Monday June 14, 2021

The US$ edges lower, oil prices rally, equity markets are higher, while US yields are mixed amid pre-Fed jitters. The US$ consolidates its gains after the greenback posted its biggest weekly rise in six-weeks as investors await the FOMC meeting (15th-16th June) that might signal a change in the outlook Feds monetary policy outlook. Economists’ consensus is that the Fed will remain on hold until 2023, but recent data pointing to a surge in US inflation may prompt an earlier tapering of its currency-depreciating stimulus. US House Speaker Pelosi said the new Senate scaled back US$1.2T infrastructure plan could be hard sell to President Biden. Internationally, NATO summit is being held in Brussels today and is expected to Brand China a security risk to the western alliance, following the G7 meeting which warns Russia on ransomware and criticizes china on its economic practices. In the Currency markets, CNY is down 0.05%, while Asian currencies are down 0.1% on average vs US$. Trading currencies are mixed with JPY down 0.05%, ZAR weakens 0.6% while AUD & MXN are up 0.12%, NZD strengthens 0.25%, NOK rallies 0.4% on stronger oil prices. No key data releases today, US Infrastructure and the FOMC will dominate markets this week. 
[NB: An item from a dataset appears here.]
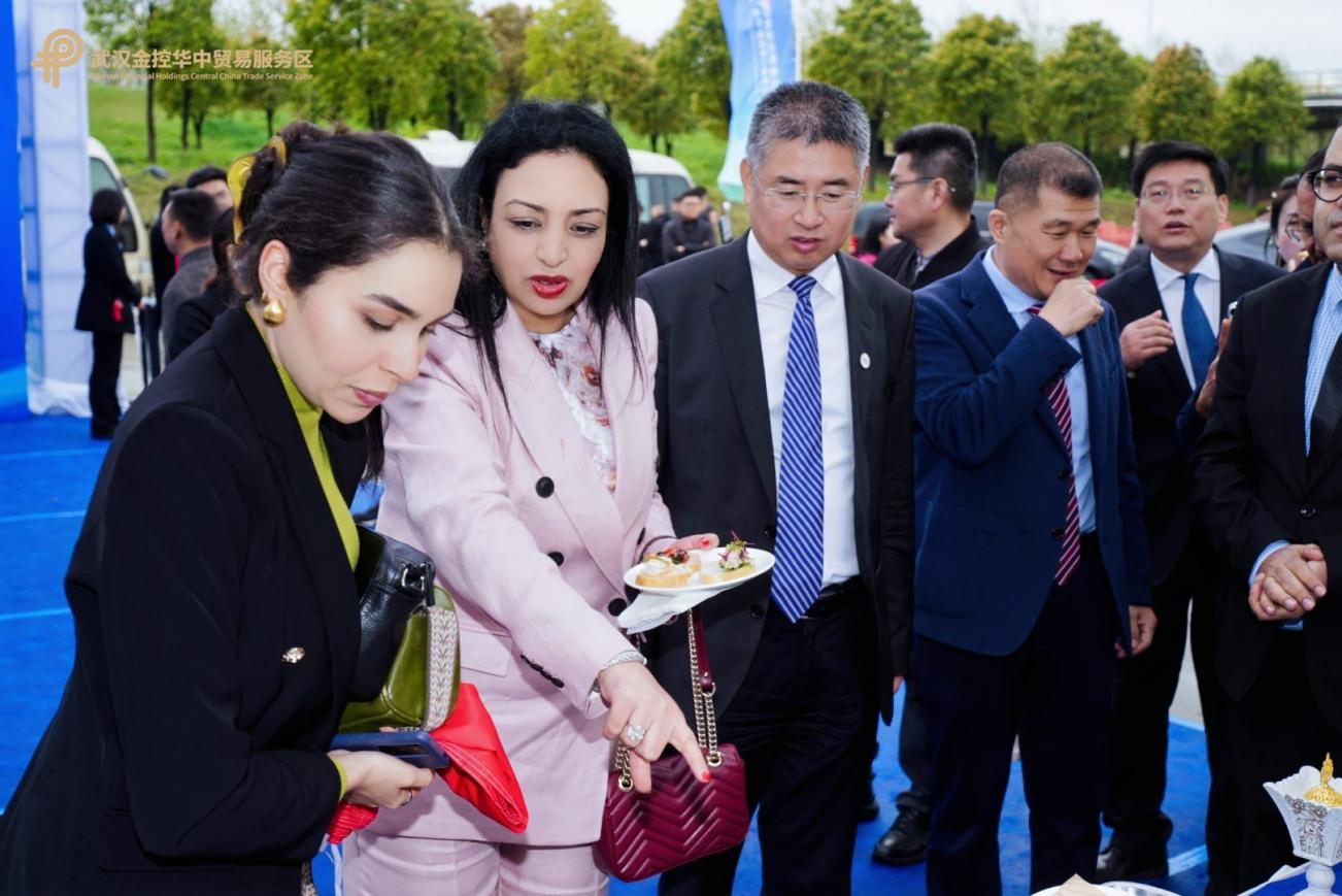 在全場(chǎng)矚目下,突尼斯大使館公使伊姆-阿雅迪女士與湖北省商務(wù)廳二級(jí)巡視員陳斌共同為首批抵港橄欖油集裝箱開(kāi)箱。工作人員取出樣品,由禮儀人員呈送展示,現(xiàn)場(chǎng)掌聲熱烈。隨后,土耳其駐華大使塞爾丘克?于納爾、突尼斯駐華商務(wù)參贊阿卜杜勒哈拉克?杜卡爾,以及武漢市外辦副主任李軍、市商務(wù)局一級(jí)調(diào)研員馬宗輝、武漢長(zhǎng)江新區(qū)陽(yáng)邏街道黨工委書(shū)記申濟(jì)豐、武漢陽(yáng)邏港口服務(wù)有限公司總經(jīng)理徐寶衛(wèi)一同上臺(tái),現(xiàn)場(chǎng)品鑒突尼斯橄欖油,直觀感受其純正品質(zhì)與獨(dú)特果香。

Oil prices tests +2 ½ -year highs, up 1% as demand improves and OPEC+ supply cuts remain in place. Oil prices extend their gains supported by economic recovery and the prospect of fuel demand growth as vaccinations in developed countries accelerate. C$ has been oscillating in 1.2050-1.2150 range, opening below Friday’s 4-week highs as markets balance a strengthening US$ vs continued oil strength. Bias remains to sell US$ on rallies for a retest of 1.19 levels, but a break of 1.2235 would negate our short-term C$ strengthening scenario. Intraday Cad manufacturing Sales data out, but within no key US data expect markets remain cautious ahead of the FOMC meeting. Support holds at 1.2050 with key pivot at 1.1916 (May2015) key resistance at 1.2235.

Euro holds above 1.21 as markets await this week’s critical FOMC meeting. Markets consolidates near 4-week lows for Euro as investors look for signals from the Fed on possible tapering actions. Meanwhile in the EU, ECB President Lagarde reiterated her stance that continued accommodation is still needed. The EU continues to open its economies as vaccination efforts expand and a weakening Euro will help its export driven recovery. Support holds at 1.2100, while resistance holds at 1.2200.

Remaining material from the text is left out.